Больно не будет — страница 29 из 68

И все же на преодоление всех препятствий ушло не более трех месяцев — детские сроки. Сошлось на том, что понадобился еще только один голос, одно решение, один росчерк на бумаге, за этим росчерком и приехал Кременцов в Москву. Этот росчерк, завитушка со смешным бантиком на конце, должен был принадлежать начальнику главка, человеку, которого Кременцов знал с незапамятных времен. Их ничто не связывало, кроме короткого студенческого приятельства, и ничто не разделяло, кроме общей влюбленности в девушку, на которой будущий начальник главка женился, а спустя три года ее бросил с двумя крохотными детишками на руках. Звали этого человека Федор Данилович Бурков. Со стороны, понаслышке Кременцов представлял себе его жизнь как калейдоскопическую круговерть взлетов, падений, ошибок и побед и в то же время упорное, неуклонное, кропотливое движение наверх. Ехать к нему Кременцову было что нож острый. По его мнению, Бурков последовательно изменял идеалам, растоптал вокруг себя все, что только мог и успел растоптать, но странным образом сумел окружить свое имя ореолом независимости и честности. Кременцов, сам не безгрешный, боялся увидеть в этом человеке собственное окарикатуренное изображение. На закате дней своих он старался избегать подобных потрясений. Ему легче было думать, что он уберег нечто святое в душе, пусть и не давшее плодов, от дурных токов времени.

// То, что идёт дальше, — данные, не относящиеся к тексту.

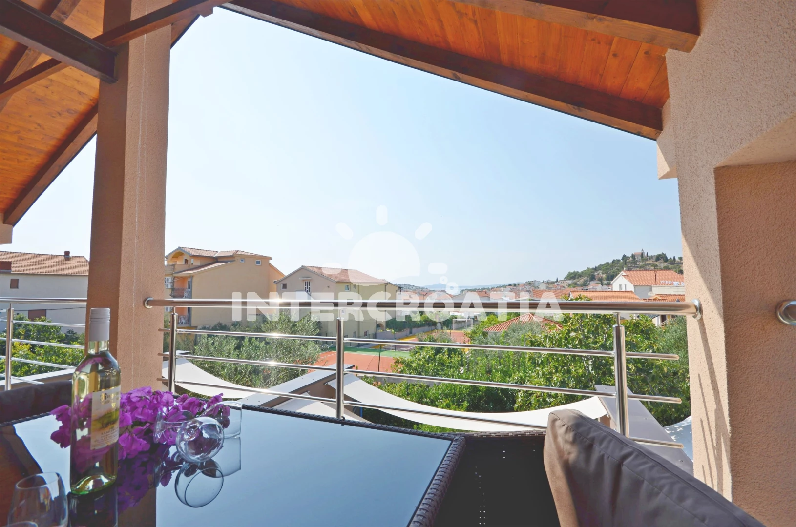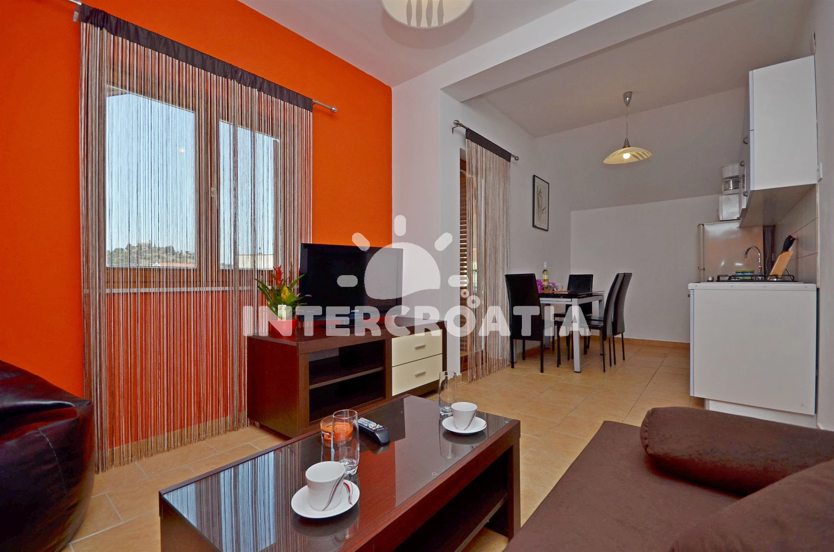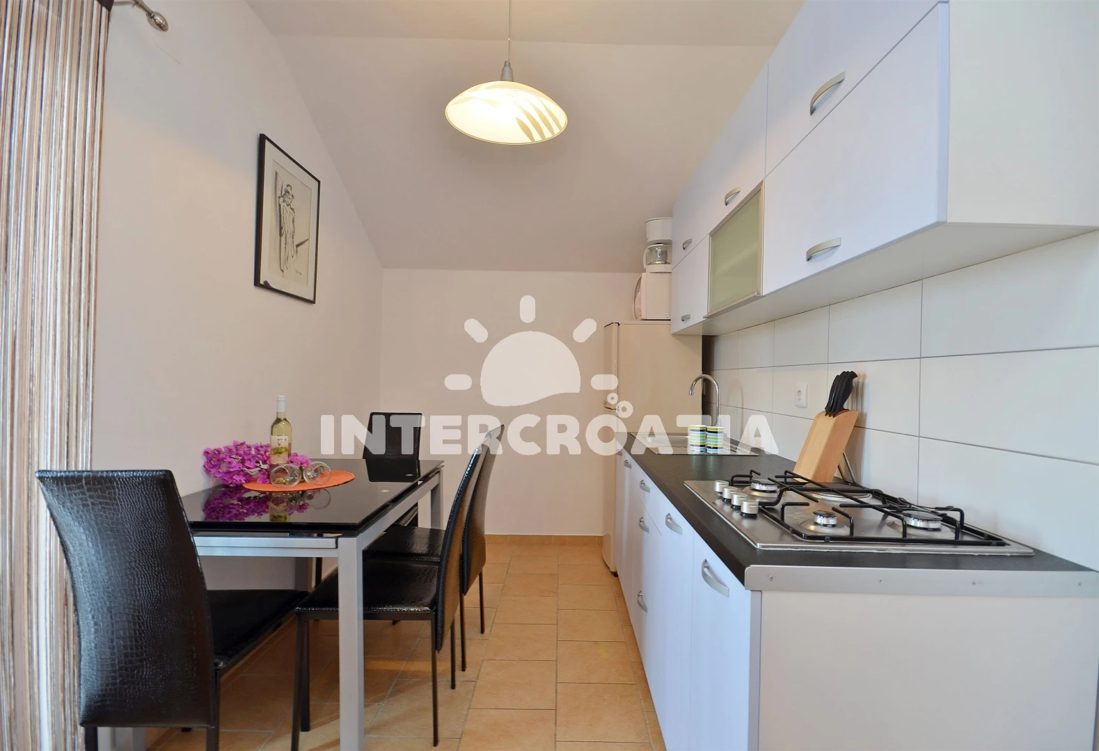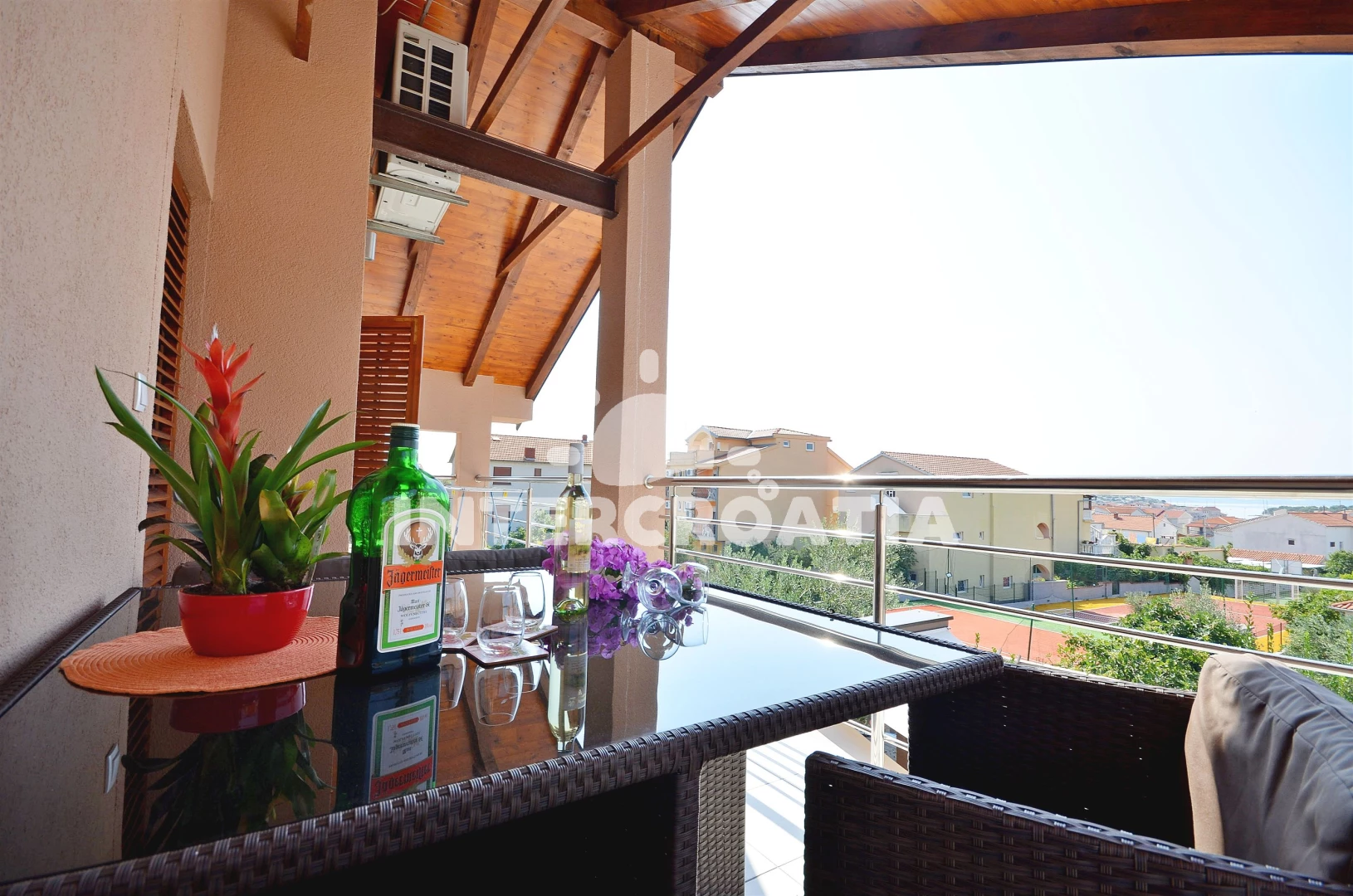 Vzdálenosti: Moře 400 m, pláž 900 m (oblázková a betonové desky), centrum 400 m, supermarket 400 m, bar 500 m, restaurace 500 m, banka 500 m, pošta 500 m, lékárna 500 m, ambulance 500 m, směnárna 500 m, veřejná doprava 500 m, čerpací stanice 3,5 km, letiště (Zadar) 60,0 km,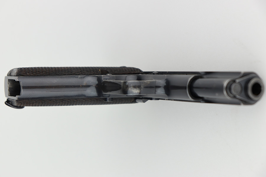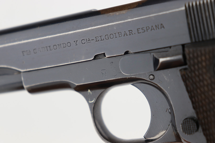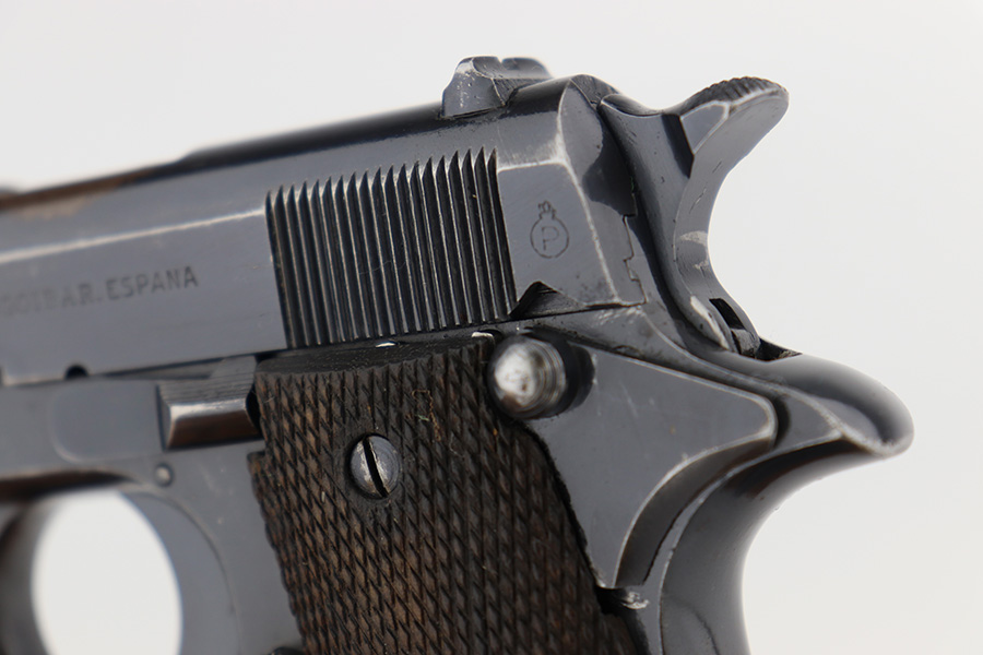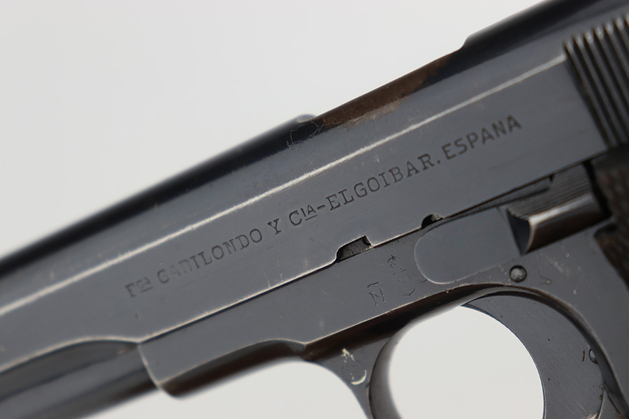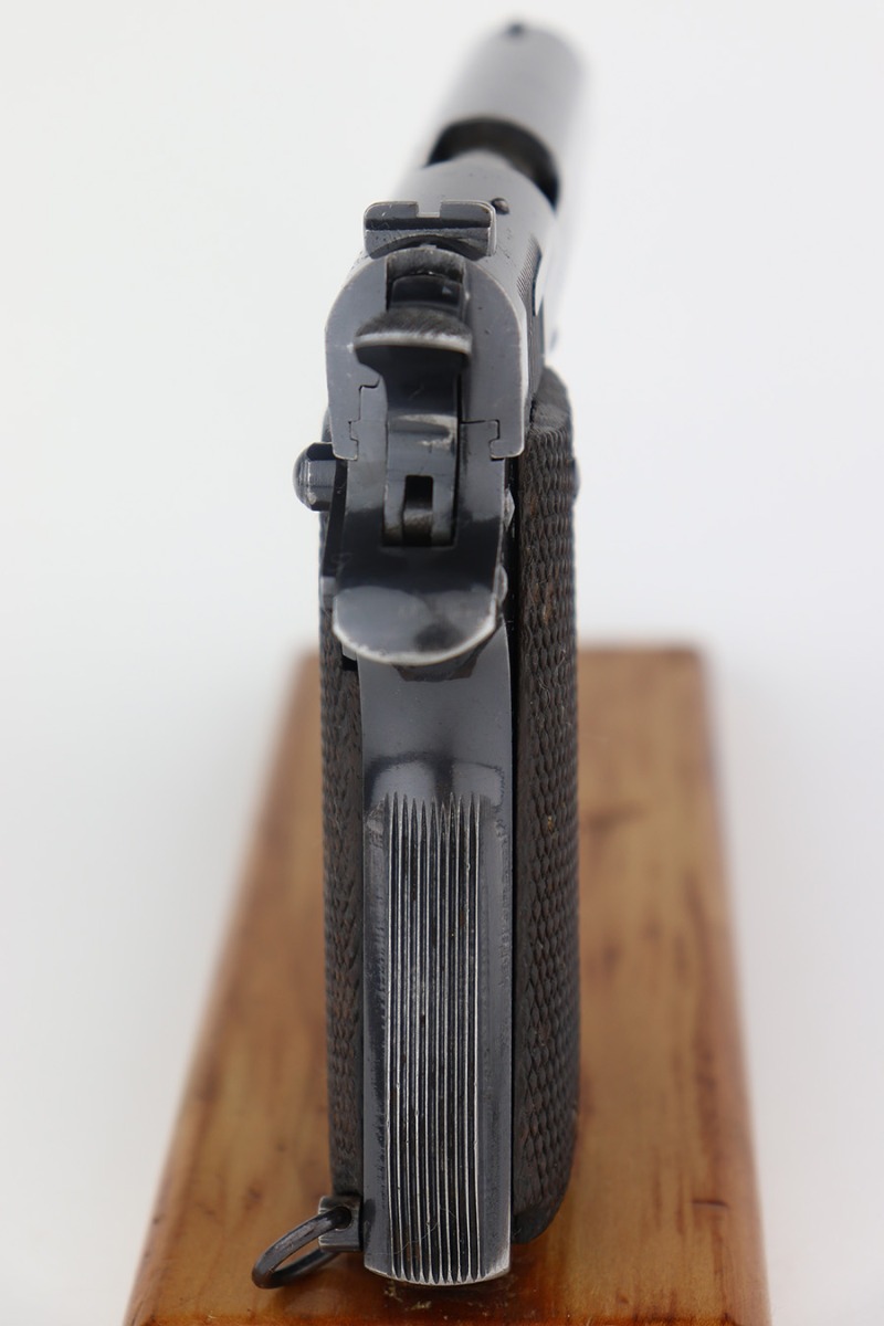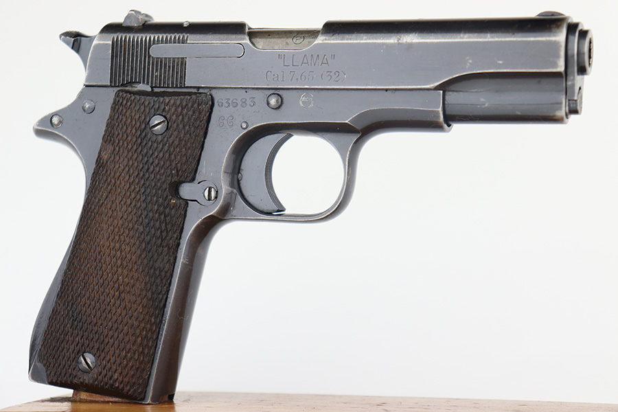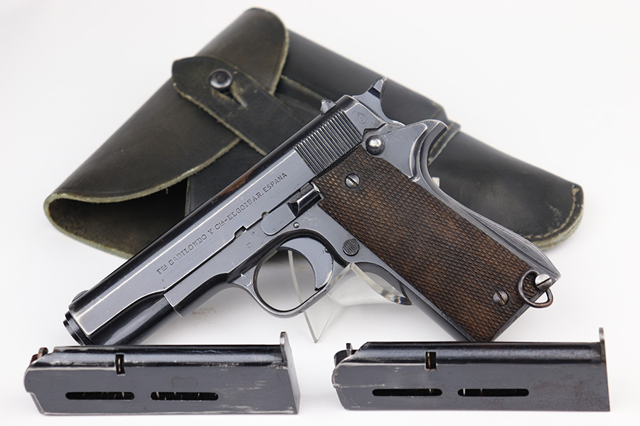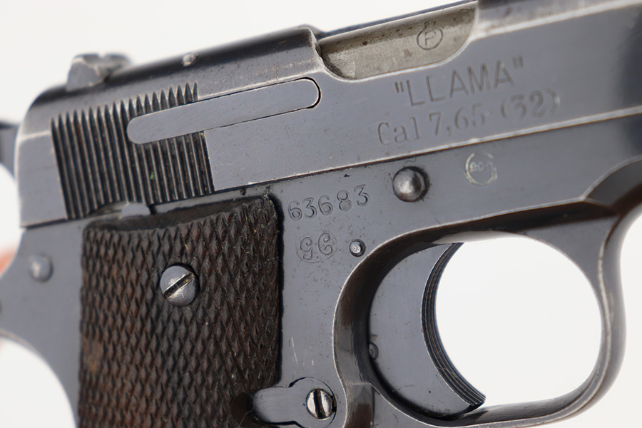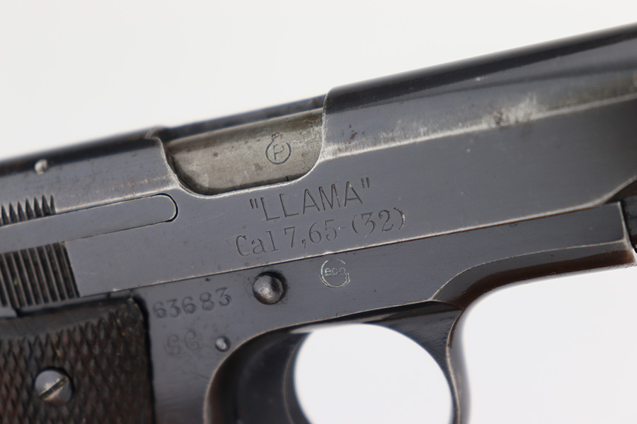 12/1/22 – This is a rare Spanish Llama Model 1 that was imported by Geco into Germany in 1943. Whittington’s book on German pistol estimates only about 1,000 were sold in Germany! What makes this pistol particularly interesting is the “Geco” trademark stamped on the right side of the frame. This indicates that the pistol was marketed in Germany by Gustav Genschow & Co., Hamburg. Like most commercial pistols available in Germany during the war, this pistol would have been sold to a member of the German armed forces or one of the few “approved” German civilians or Nazi Party members. The GC proof on the right side indicates it was originally made for the Spanish Civil Guard, or ‘Guardia Civil’. The pistol is all original with 93% blue remaining. The majority of the wear is around the muzzle and around the high edges of the slide. Some very light spotty wear on the front strap and underside of the trigger. One noticeable spot of discoloration around the ejection port. Fitted with very nice wood grips. The gun comes as a rig with a WW2-era green leather Beretta holster (fits the gun well) and two proper magazines. Minty bore.

Но и не ехать он не мог, приученный сызмалу относить интимное самокопание, вредящее главной цели, к области стыдноватых эмоций и капризов. Сделай дело, после переживай. Кому, как не старому студенческому приятелю, проще всего подступиться к Буркову по такому щекотливому вопросу, когда все зависит единственно от точки зрения, а объективные обстоятельства можно подавать под разными соусами?

Остановился он, как всегда, в гостинице и оттуда, из номера, позвонил сыну. Трубку сняла Даша, чего он и опасался. То есть он знал, что ответит именно невестка. Викентий подходил к телефону только в тех редких случаях, когда был дома один. Даже если аппарат звонил у него под носом, он звал супругу. Объяснялось это просто: Викентий не желал тратить свое дорогое время на пустое любезничанье с многочисленными Дашиными родственниками и знакомыми, которые в основном и звонили.

С невесткой Тимофей Олегович со времени последней ссоры еще ни разу не разговаривал, хотя в письме, недавно отправленном, посылал ей самые искренние приветы и уверения в дружбе и расположении. Правда, и в письме он не удержался и спросил, как поживают Дашины больные, не все ли перемерли. Опять бес его под руку толкнул.

Со своей стороны Даша, в ответном письме сына, сделала вежливую приписку, где о ссоре не упоминалось, но в слишком настойчивом пожелании беречь свое здоровье сквозила интонация упрека.

— Это ты, Даша, дорогая? — спросил Кременцов, услышав в трубке деловое Дашино: «Я слушаю вас!»

— Папа?! Это вы? Как хорошо слышно. Вы откуда звоните?

— Я в Москве, понимаешь ли, оказался. У вас как, все в порядке, надеюсь?

— Ну что же вы не предупредили, мы бы встретили!.. Викеша, отец звонит, он в Москве! — это она крикнула в комнату. Послышались звуки возни, повизгивания, окрики — и в трубке раздался ликующий Катин голосок:

— Дедушка! Ты к нам приедешь? Ты чего мне привез?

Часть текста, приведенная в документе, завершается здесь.